Without the pictures, set down everything in the listing exactly.

• The data

□ □ □

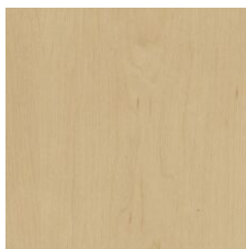
Bare 64200 LRV 43 V2 - Slight Variation
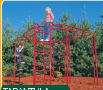
TARANTULA CLIMBER #456-1J $1,786
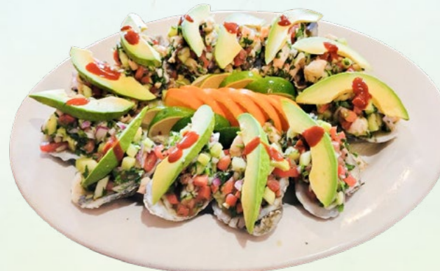
Ostiones en su concha

□ □ □

• Exercise output
Bare 64200 LRV 43 V2 - Slight Variation
TARANTULA CLIMBER #456-1J $1,786
Ostiones en su concha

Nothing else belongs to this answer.